Absolutely not. The default economic system is anarchy, also known as sharing and mutual aid. You see this even in the reddest of US states, where disaster victims help each other, and a huge pastime is sharing food via potlucks. But all evidence points to anarchical/egalitarian cultures as the baseline mechanism of human organization from prehistory.
Externalities don't exist in anarchic systems, because there is no hierarchical separation between producer and consumer. You can't push off costs to some members of the community when they have equal power to retaliate in kind, and there is no incentive to do so.
Sure they do. I do a thing, it benefits me but causes a problem for my neighbor in the process, I say "oh well fuck him", that's a textbook externality.
> they have equal power to retaliate in kind
A convenient fiction often engaged in by proponents of anarchy. In practice if you compare pairs of people at random you will find almost none that can reasonably be described as equal. Equality is something imposed by the law in an attempt to improve our lives on average.
Anarchy lasts exactly as long as it takes people to start banding together and no longer.
The far left tends to treat humans as essentially good and plastic — corrupted by unjust systems, but redeemable once those systems are dismantled. Remove capitalism, hierarchy, scarcity, and people will naturally cooperate. The far right tends toward a Hobbesian view — humans are greedy and lazy by default. Without the discipline, consequences, and hierarchy, civilization unravels. Hence “if you tax people more they’ll stop working.”

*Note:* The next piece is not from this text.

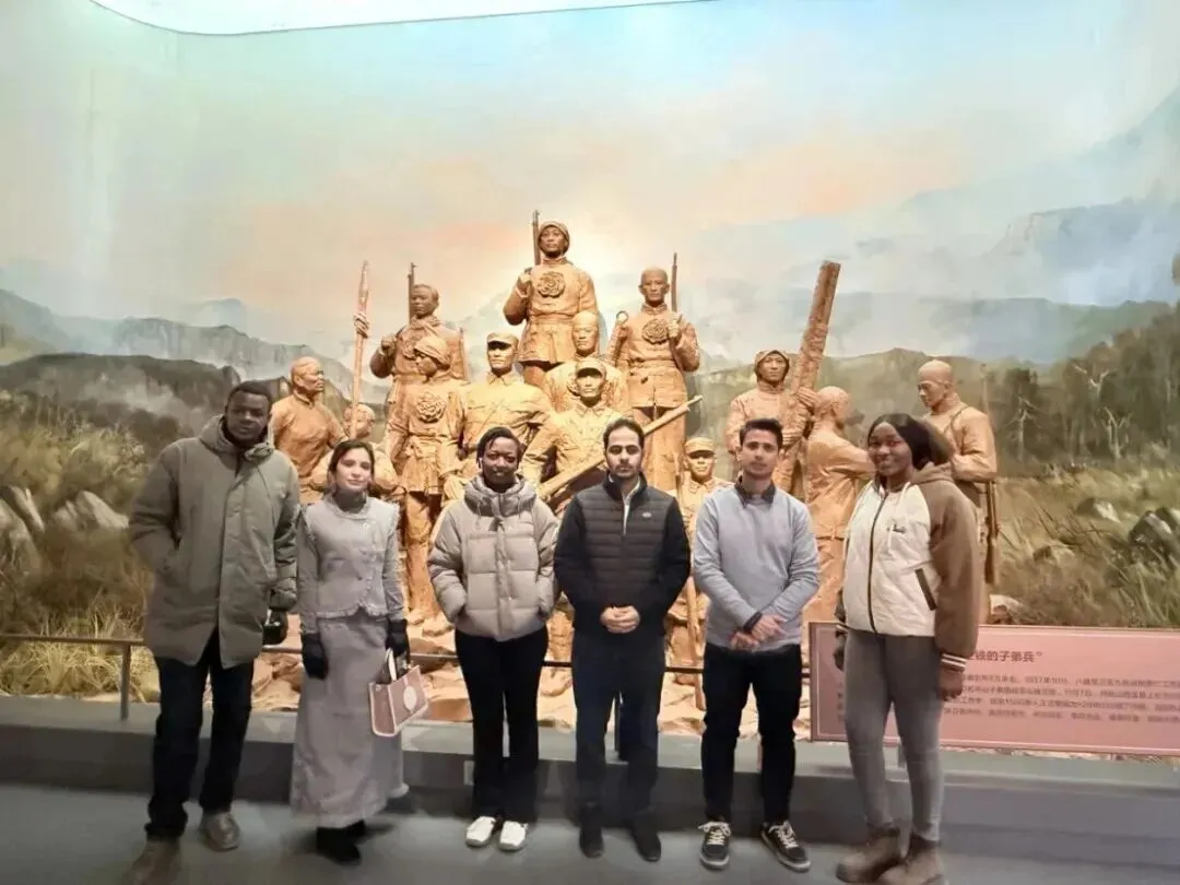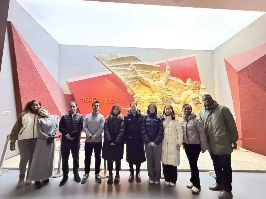 活动现场,中外师生首先步入解放纪念碑展厅。一幅幅定格历史瞬间的照片、一件件承载烽火记忆的文物、一个个还原战斗场景的展区,系统再现了石家庄解放战役的壮阔历程。外籍教师们神情专注,认真聆听讲解,不时就战役背景、历史细节提出疑问。陪同的学生们以流利英语从容应答,既展现了扎实的语言专业素养,更传递出对家国历史的深刻认同,让红色故事在跨语言解读中直抵人心。

Both are cartoon versions of something real, and both fail in predictable ways.
The more honest picture comes from behavioral economics and evolutionary psychology: humans are neither blank slates nor rational maximizers. We’re a messy bundle of cooperative instincts and tribal ones, capable of extraordinary generosity within in-groups and breathtaking cruelty toward out-groups. Our “goodness” has always been conditional and contextual.

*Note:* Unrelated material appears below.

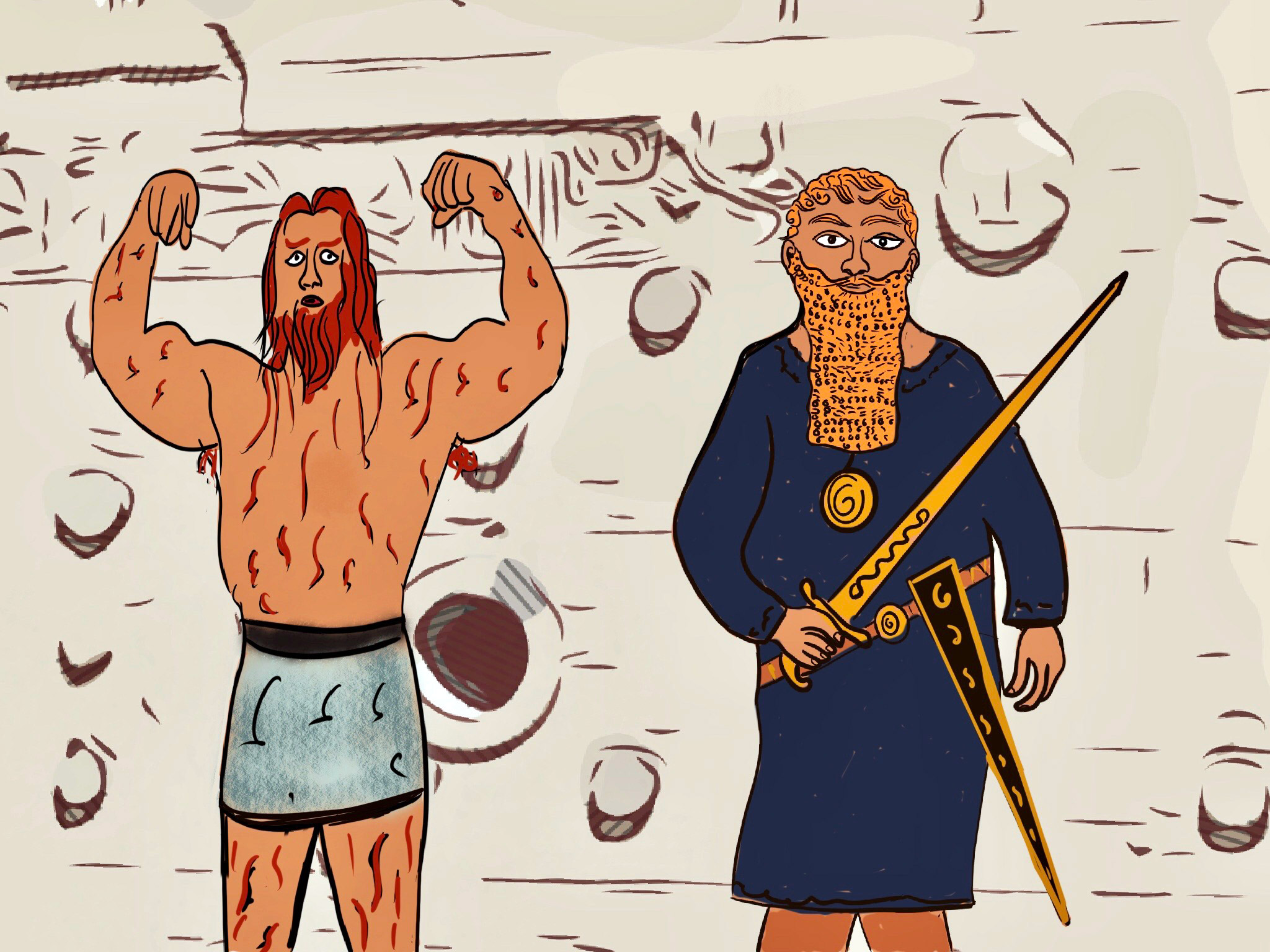The two men, as mighty as thunderbolts of Anu, began to fight. The door frames of the great city of Uruk shook, and the mighty walls trembled. They fought and they grappled, they pushed, and they shoved, and they punched, they wrestled, and they clawed, and they bit and they scratched. In the end, Gilgamesh, who was two-thirds god and one-third human, proved that he was the strongest, but only just.

What really undermines the anarchist vision specifically isn’t that people are evil — it’s that they’re biased and self-deceiving in systematic ways. There’s a well-replicated finding that when you ask members of a team to estimate their individual contribution to a group outcome, the percentages sum to well over 100%. Everyone genuinely believes they pulled more than their weight. This isn’t malice — it’s a predictable artifact of how memory and attention work. We have more access to our own effort than to others’, so we weight it more heavily.
The practical consequence of this is underappreciated: it means that even in a community of genuinely well-meaning people with no bad actors, you’ll still get persistent grievance and conflict, because everyone will sincerely believe they’re being shortchanged. This isn’t a solvable problem with better norms or more transparency — it’s baked into human cognition.
This is what people say when they have no idea what people mean by the POLITICAL system of Anarchism (Libertarian Socialism).
Anarchism, the political system, is not "chaos". That is propaganda that started during the 1930's. If you want to learn about it, real the Anarchist FAQ.
(I have a degrees in American History and Economics if that matters).
Anarchism means "without hierarchy". This how humans organized until the populations of sedentary agricultural communities exploded. I will argue, and keep arguing despite downvotes, that anarchism has the least impedance mismatch with human nature out of every system, because it was the status quo before civilization became the norm.
Externalities don't exist in anarchic systems, because there is no hierarchical separation between producer and consumer. You can't push off costs to some members of the community when they have equal power to retaliate in kind, and there is no incentive to do so.